With non-performing loans (NPLs), or those in arrears, still accounting for a fifth of lenders’ loan books, despite significant improvements in recent years, the “blight” of banks’ poor lending practices still remains.

Some 43,000 owner- occupier mortgages are in arrears of 90 days or more.

Mr Sibley said that the €45bn of non-performing loans cause “untold distress” to borrowers and lead to “significant societal implications”.

“Eight years after the infamous night of the guarantee, nearly seven years after the establishment of Nama, and the subsequent transfer of €74bn of loans, after billions of euros of loans have been restructured and dozens of portfolios sold, there still remains €45bn of non-performing loans on the retail banks’ balance sheets,” said Mr Sibley. “The challenge is still significant.”

Addressing an audience of bankers at a gathering of the Banking and Payments Federation of Ireland in Dublin, Mr Sibley accused the banks of continuing to frustrate efforts to resolve the tens of thousands of outstanding bad loans.

Mr Sibley said individual banks may be inclined to drag their feet on finding solutions in the hope of a “miraculous” recovery in borrowers’ circumstances.

“From an individual lender perspective, there may be incentives to act more slowly,” he said. “For example, lenders may hope that underlying collateral values increase, or that borrowers’ circumstances miraculously improve beyond what can be reasonably expected.

“Undoubtedly, these incentives and factors were relevant in the history of NPLs in Ireland, [that’s] why the Central Bank has had to be so interventionist in driving resolution.
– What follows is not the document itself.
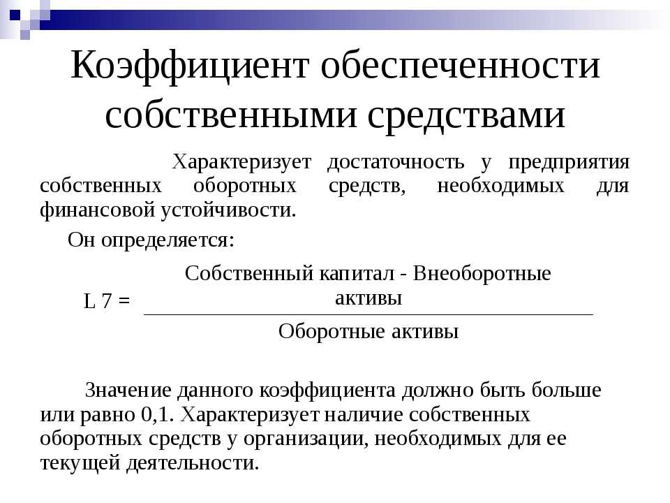 Понятие коэффициента обеспеченности собственными оборотными средствами
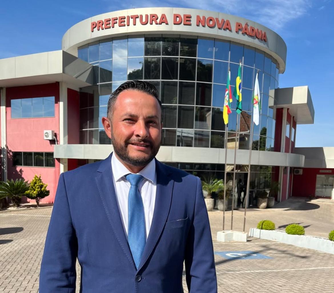 Vancarlos Oro, 40 anos, é servidor público há 15 anos e, neste mandato, assumiu a Secretaria de Agricultura de Nova Pádua. Durante sua trajetória, coordenou o transporte e os motoristas da Unidade Básica de Saúde (UBS), o que o aproximou da rotina e das demandas da população.

My fear is that they are still at play today, albeit to a lesser extent.”

Of the 43,000 non-performing owner-occupier mortgages, no effort has been made to resolve a fifth of them, he added.

Mr Sibley further admonished the country’s banks for failing to meet mortgage resolution targets set by the Central Bank under its Mortgage Arrears Resolution Targets.

“To be forthright,” Mr Sibley said, “performance was disappointing with most banks falling significantly short of our expectations.”

On a more positive note, the Central Bank official said the number of non- performing loans has been falling since their peak in late 2013 and have halved since that time.

NPLs to SMEs and other businesses reduced by 54% since the start of 2015 with owner-occupier mortgages in arrears down 27% during that period.